Carefully glue the Rotor supports to the rotor blades.

Use needle nose pliers to help push a model railroad spike into place, as seen on the left side of each rotor support in this photo. Locate the offset part of the spike head to point "down" at the blade as seen in the photo. Apply a drop of CA to help glue the pin into place.

A couple of blades after the rotor supports and hinges are glued into place.

Put a rotor blade in place on the hinge hub, sliding the hinge pin into place so the round pin head touches one side of the hinge. Use needle nose pliers to bend the excess part of the pin about 90 degrees. Then cut off the excess (pointed) part of the pin, leaving a 1/4" long bent "L" portion so that the hinge pin cannot fall out.

Carefully dispose of the pointed end of the pin. Repeat this for the other two blades.

Photo of Rotor Assembly after all hinge pins have been put into place, bent, and trimmed.

Now slide the Rotor Assembly off of the body tube, so that the fins can be glued on.

(Not shown)

Cut out the 1/16" balsa fins, and sand the leading and trailing edges round.

Use the marking guide to mark the location for the three fins. Glue them on so that there is a 1/4" distance from the bottom of the fin trailing edges and the bottom of the body tube. This will allow you 1/4" to apply tape to both the tube and engine to help the engine to not kick out at ejection.

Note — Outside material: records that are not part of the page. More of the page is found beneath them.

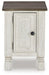 What a fresh interpretation of country classic style. Inspired by American farmhouse craftsmanship, but with an elevated sensibility, this chairside end table blends distinctive details such as turned post accents and raised door fronts for a substantial look that feels right at home. Those who appreciate rustic character should take note of the table’s thick crown moulding, beautified with a vintage two-tone finish. A small flip lid located on the top conceals a power outlet and USB ports to keep electronics charged up and close at hand
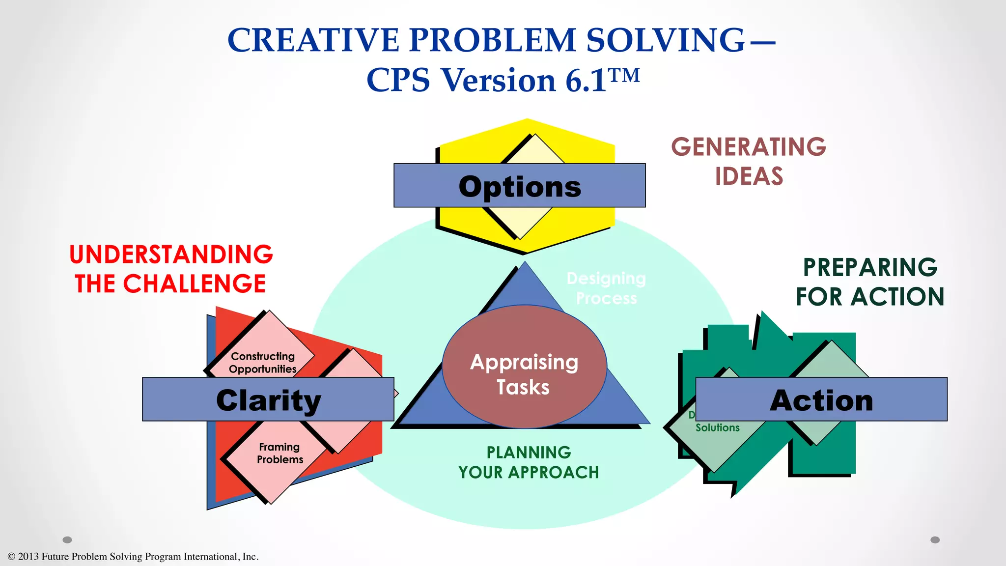This document provides guidance on creative problem solving tools and techniques. It discusses both divergent and convergent thinking approaches. The divergent section includes guidelines for generating many novel ideas using techniques like brainstorming, brainwriting, and SCAMPER. The convergent section discusses focusing on the best ideas and provides guidelines for affirmative judgment. The document then provides examples of applying specific tools like attribute listing, morphological matrices, and hits and hot spots to structure problem solving.
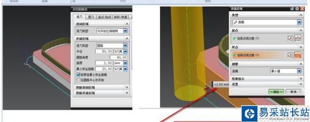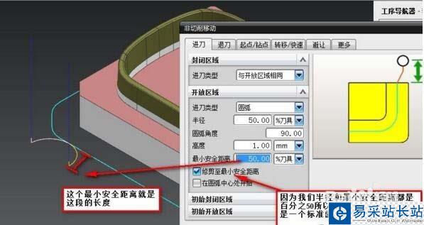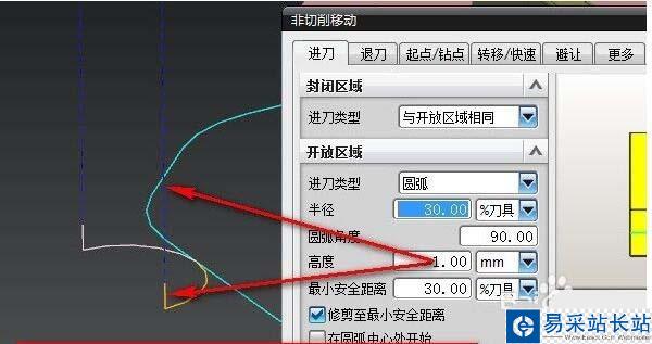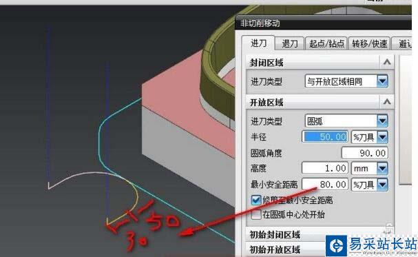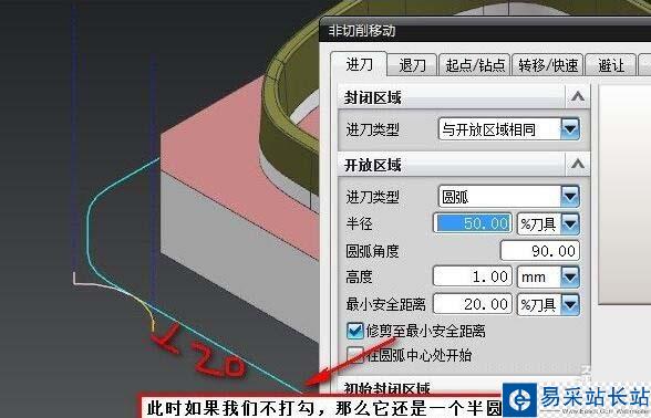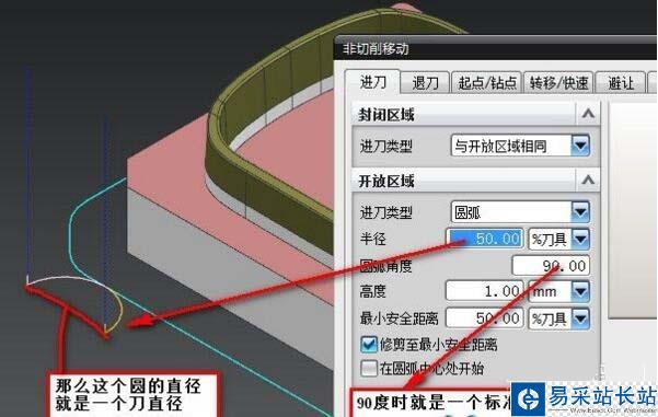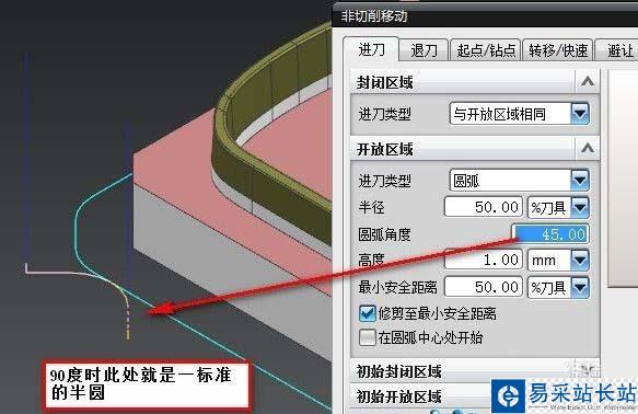 1、設置進刀類型為圓弧,半徑50%,圓弧角度90時即為一個標準的半圓。

Drill a 1/16" diameter hole into the body tube for the burn-thread to run through. See the plans.

(Not shown)

With the fins glued on, slide the rotor assembly back onto the body tube. Fold the blades back so that the bottom (tips) of the blades are even with the trailing edges of the fins (with the body tube sticking out by 1/4"). This will orient the hinge hub assembly in just the right place relative to the fins, and at the correct distance along the body tube.

Apply a couple of drops of CA glue to bond the 14mm rotor hub tube to the BT-5 body tube. CAREFULLY using the single edges razor blade, cut out a 1" long 1/4" wide ejeciton exhaust port, exactly in between two hinges (if the ejection vent points at a rubber band, it could melt the band).

Push the nose cone into place and apply a couple of drops inside of the ejection vent port to glue the nose cone to the BT-5 tube.

Push three offset head model railroad spikes into the nose cone, and use CA to secure them. The spikes need to go up pretty far onto the nose, as in the photo, to provide the correct rubber band tension.

Check that the blades open up to the proper dihedral angle. If the angle is too flat, the model might come down nose-first rather than flip upright (nose up) for descent. If the angle is not enough (see the plans), CAREFULLY use the single edge razor blade to trim some balsa from the rotor supports, where they touch the hinge hub when deployed.

The completed model, rotors tied for boost.

The Elastic thread runs inside of the model through the two 1/16" holes ahead of the fins, to be burned at ejection, allowing the blades to deploy. See the plans for how the elastic is run inside the holes then around the blades.

Some of the ejection gases get out thru the 1/16" holes, and char the balsa blades. So, for the areas of the blades exposed to the 1/16" holes, apply a bit of CA to the bottom of balsa blades to provide some protection. Be sure not to let any of the CA run anywhere else until it cures.